_RECORDED DATA:_
Segment Open
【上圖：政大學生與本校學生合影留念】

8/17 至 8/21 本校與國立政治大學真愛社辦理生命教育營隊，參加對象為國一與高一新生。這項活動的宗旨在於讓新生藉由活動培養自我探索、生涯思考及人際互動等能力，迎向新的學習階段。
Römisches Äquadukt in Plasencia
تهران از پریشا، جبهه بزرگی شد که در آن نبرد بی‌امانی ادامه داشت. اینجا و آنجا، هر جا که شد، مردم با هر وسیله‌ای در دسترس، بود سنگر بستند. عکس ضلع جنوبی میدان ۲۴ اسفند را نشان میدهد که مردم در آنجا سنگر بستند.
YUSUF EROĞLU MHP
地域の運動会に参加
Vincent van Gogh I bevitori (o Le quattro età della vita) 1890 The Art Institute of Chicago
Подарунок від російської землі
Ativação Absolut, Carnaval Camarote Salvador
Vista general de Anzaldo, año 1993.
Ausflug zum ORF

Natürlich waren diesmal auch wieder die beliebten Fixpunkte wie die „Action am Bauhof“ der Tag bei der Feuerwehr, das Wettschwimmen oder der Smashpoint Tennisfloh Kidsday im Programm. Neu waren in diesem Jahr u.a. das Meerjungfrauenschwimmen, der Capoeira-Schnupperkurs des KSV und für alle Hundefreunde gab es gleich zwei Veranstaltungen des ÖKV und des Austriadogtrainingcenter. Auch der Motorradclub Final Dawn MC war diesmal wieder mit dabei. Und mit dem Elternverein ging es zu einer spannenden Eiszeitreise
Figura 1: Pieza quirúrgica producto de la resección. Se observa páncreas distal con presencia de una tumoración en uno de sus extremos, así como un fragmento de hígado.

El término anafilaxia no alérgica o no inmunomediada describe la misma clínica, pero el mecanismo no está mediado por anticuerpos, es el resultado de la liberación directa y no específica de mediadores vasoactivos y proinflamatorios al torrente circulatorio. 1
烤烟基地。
Segment Closed
Segment Open
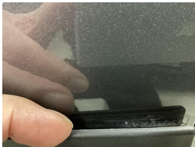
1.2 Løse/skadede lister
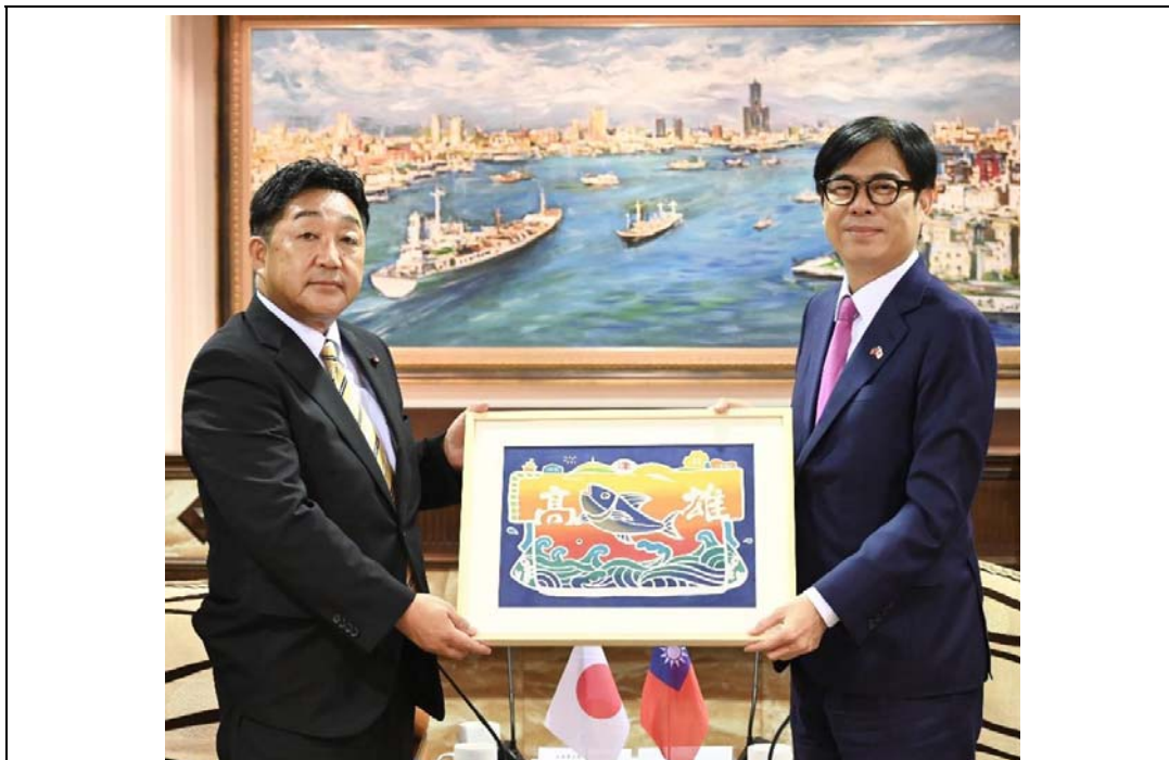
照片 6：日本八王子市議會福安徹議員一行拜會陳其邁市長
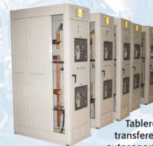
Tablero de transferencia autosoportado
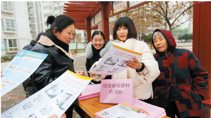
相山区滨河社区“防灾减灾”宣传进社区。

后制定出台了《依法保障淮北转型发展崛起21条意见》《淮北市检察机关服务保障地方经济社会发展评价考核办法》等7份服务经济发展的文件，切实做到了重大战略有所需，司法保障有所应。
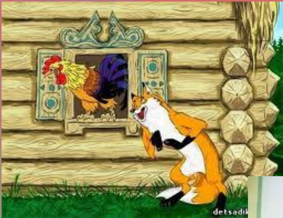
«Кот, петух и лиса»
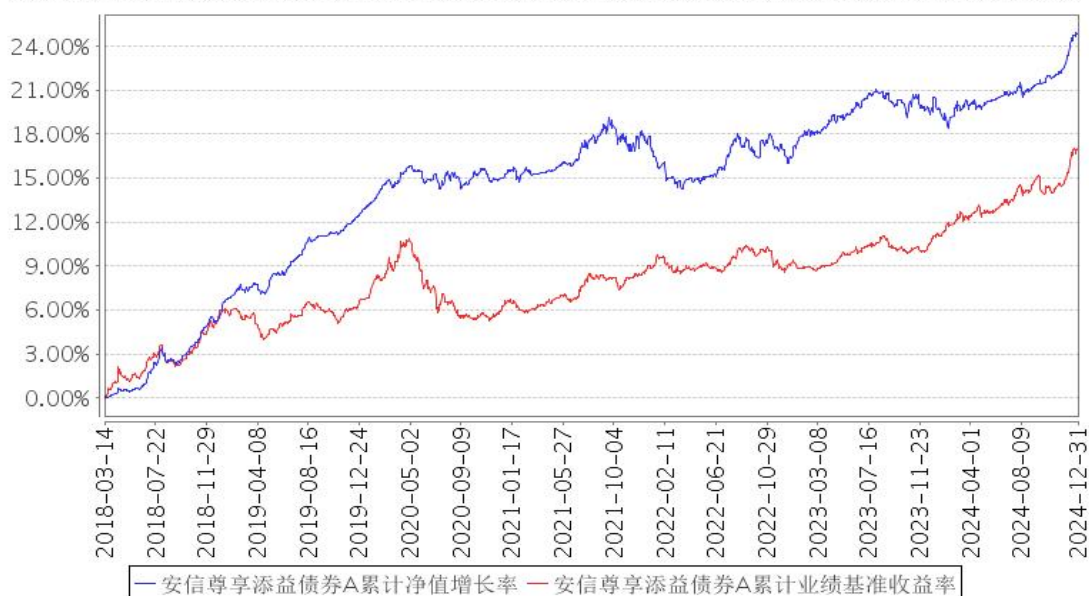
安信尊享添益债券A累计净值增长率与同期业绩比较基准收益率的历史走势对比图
Segment Closed
Segment Open
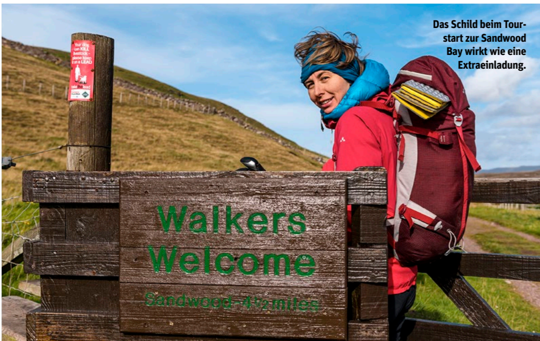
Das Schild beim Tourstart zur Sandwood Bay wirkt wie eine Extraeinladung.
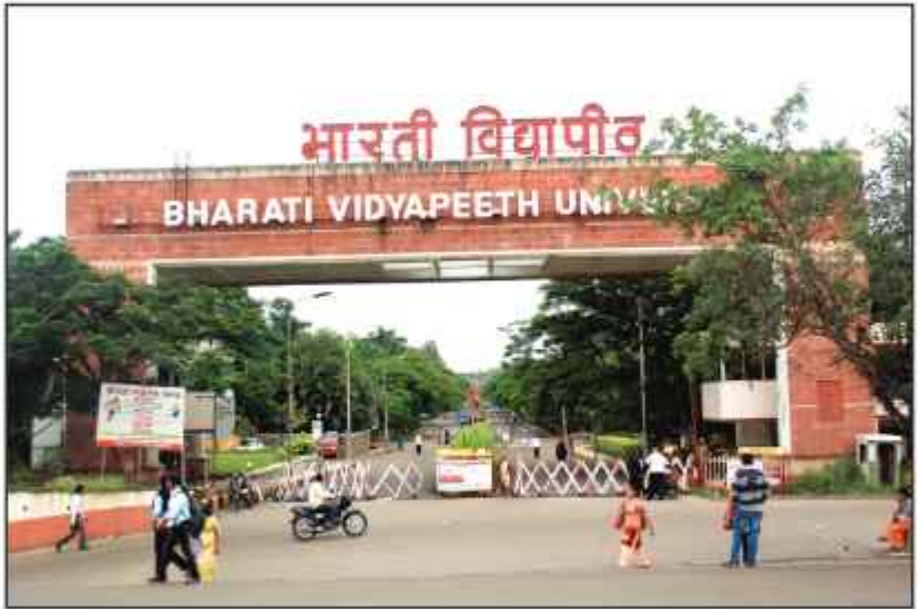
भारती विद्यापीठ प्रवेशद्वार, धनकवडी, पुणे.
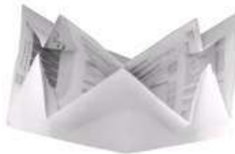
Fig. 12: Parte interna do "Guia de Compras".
Segment Closed
_HOW TO COMPLETE THIS TASK:_ Give only the lines from the one holding "8/17 至 8/21" through the one holding "Ausflug zum ORF", each restated exactly as it appears above.

_TASK RESPONSE:_
8/17 至 8/21 本校與國立政治大學真愛社辦理生命教育營隊，參加對象為國一與高一新生。這項活動的宗旨在於讓新生藉由活動培養自我探索、生涯思考及人際互動等能力，迎向新的學習階段。
Römisches Äquadukt in Plasencia
تهران از پریشا، جبهه بزرگی شد که در آن نبرد بی‌امانی ادامه داشت. اینجا و آنجا، هر جا که شد، مردم با هر وسیله‌ای در دسترس، بود سنگر بستند. عکس ضلع جنوبی میدان ۲۴ اسفند را نشان میدهد که مردم در آنجا سنگر بستند.
YUSUF EROĞLU MHP
地域の運動会に参加
Vincent van Gogh I bevitori (o Le quattro età della vita) 1890 The Art Institute of Chicago
Подарунок від російської землі
Ativação Absolut, Carnaval Camarote Salvador
Vista general de Anzaldo, año 1993.
Ausflug zum ORF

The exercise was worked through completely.